--- START ---

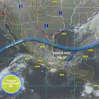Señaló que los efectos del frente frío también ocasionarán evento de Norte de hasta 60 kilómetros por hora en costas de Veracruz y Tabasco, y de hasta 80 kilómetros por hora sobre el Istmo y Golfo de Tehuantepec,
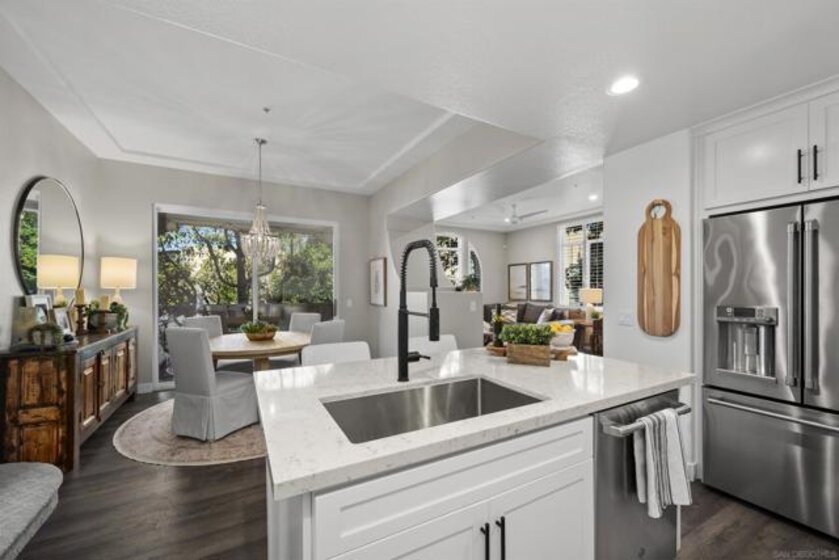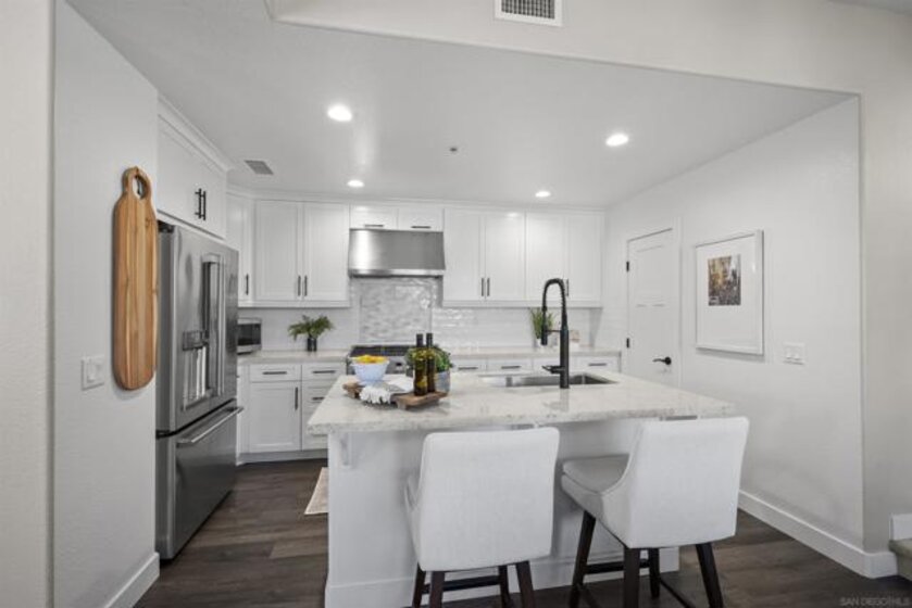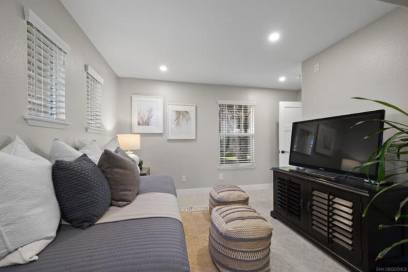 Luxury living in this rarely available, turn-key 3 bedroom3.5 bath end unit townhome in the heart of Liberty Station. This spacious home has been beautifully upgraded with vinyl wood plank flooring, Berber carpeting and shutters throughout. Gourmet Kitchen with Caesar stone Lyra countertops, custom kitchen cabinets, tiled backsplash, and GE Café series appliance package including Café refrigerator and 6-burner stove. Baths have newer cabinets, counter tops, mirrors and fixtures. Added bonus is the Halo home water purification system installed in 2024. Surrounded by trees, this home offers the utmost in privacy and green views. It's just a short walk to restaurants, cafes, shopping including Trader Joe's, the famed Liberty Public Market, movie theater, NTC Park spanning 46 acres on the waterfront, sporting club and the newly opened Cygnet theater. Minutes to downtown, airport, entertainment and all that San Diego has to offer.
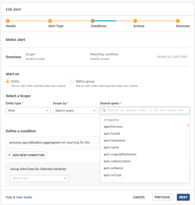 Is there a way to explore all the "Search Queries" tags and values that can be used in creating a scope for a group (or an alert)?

--- END ---

Write out the whole listing exactly as it appears, and omit the pictures.

Señaló que los efectos del frente frío también ocasionarán evento de Norte de hasta 60 kilómetros por hora en costas de Veracruz y Tabasco, y de hasta 80 kilómetros por hora sobre el Istmo y Golfo de Tehuantepec,
 Luxury living in this rarely available, turn-key 3 bedroom3.5 bath end unit townhome in the heart of Liberty Station. This spacious home has been beautifully upgraded with vinyl wood plank flooring, Berber carpeting and shutters throughout. Gourmet Kitchen with Caesar stone Lyra countertops, custom kitchen cabinets, tiled backsplash, and GE Café series appliance package including Café refrigerator and 6-burner stove. Baths have newer cabinets, counter tops, mirrors and fixtures. Added bonus is the Halo home water purification system installed in 2024. Surrounded by trees, this home offers the utmost in privacy and green views. It's just a short walk to restaurants, cafes, shopping including Trader Joe's, the famed Liberty Public Market, movie theater, NTC Park spanning 46 acres on the waterfront, sporting club and the newly opened Cygnet theater. Minutes to downtown, airport, entertainment and all that San Diego has to offer.
 Is there a way to explore all the "Search Queries" tags and values that can be used in creating a scope for a group (or an alert)?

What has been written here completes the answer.